What do we want it to measure? Do we know what we want to measure, in the first place? So often I think we plan assessment without being perfectly clear about our purpose. (Sometimes it's because our learning outcomes aren't very clear to begin with.) Brown and Abeywickrama (2010) list other qualities of a valid test but I think the above definition is enough to work with for now.

Following the same book, I'm starting with content-related validity. This is pretty straightforward: is what you want to test in the test? This might seem kind of 'duh' but it's actually a trap that's quite easy to fall into. For instance, our purpose might be to test learners' grammatical accuracy when speaking, but instead of actually getting them to speak, we set an MCQ grammar test. The former would be a direct test, while the latter (arguably) an indirect test of the same thing. Indirect tests are often used for reasons of practicality and reliability; obviously it's much easier to mark a class's MCQ test (it could even be done automatically) than to administer an individual oral test for each student.

If it really isn't possible to achieve high content validity, then we've got to look into the other validities of our test. More of those in the coming weeks. In the meantime, keep your questions and comments coming with on Twitter.

Test reliability

3 min read

This post is for those of you who set your own assessments.

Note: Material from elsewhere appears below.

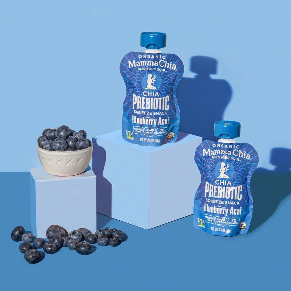 - Mamma Chia Organic Prebiotic Squeeze Snack, Blueberry Acai, Fiber-Rich Prebiotic Gut Support, USDA Certified Organic, Non-GMO, Vegan, Gluten Free, 14 Ounce (Pack of 6)

Which I guess we all have to sooner or later!

There are all sorts of 'best practices' you can read about test reliability in large-scale, 'standardised' tests (I use 'standardised' here in the true sense, i.e. not exclusively Multiple Choice Questions). As usual, though, I will concentrate on what is practical to do within the context of the classroom.

I want to start with MCQs in fact, because we usually think of them, or any other sort of dichotomously scored items (T/F, matching, etc), as being the most reliable. However, if you've read my post on rater reliability, you'll recall that the validity of such items can be questionable (i.e. do they really test what we want to test?) They can also be unreliable in unexpected ways. For instance, it's quite common to find MCQ items with more than one correct answer, and so students who choose the 'unofficial' correct answer end up being marked wrong. This might not always be apparent to us as test writers, so it's a good idea to get colleagues to check. Having been test takers ourselves, we must know too that it's all too tempting to tikam (i.e. guess) when we don't know the right answer to an MCQ. So your student might get the right answer by sheer luck. Sometimes they guess the right answer because of irrelevant clues (e.g. it's longer/shorter than the other options).

MCQs aren't necessarily bad items, but they do require a lot of time and effort to design well, and should be avoided unless you are willing to invest both. Perhaps you are designing a large scale test that you want to be able to mark quickly, and will build up a test bank of recyclable test items over time. There are lots of good advice out there for MCQ test designers.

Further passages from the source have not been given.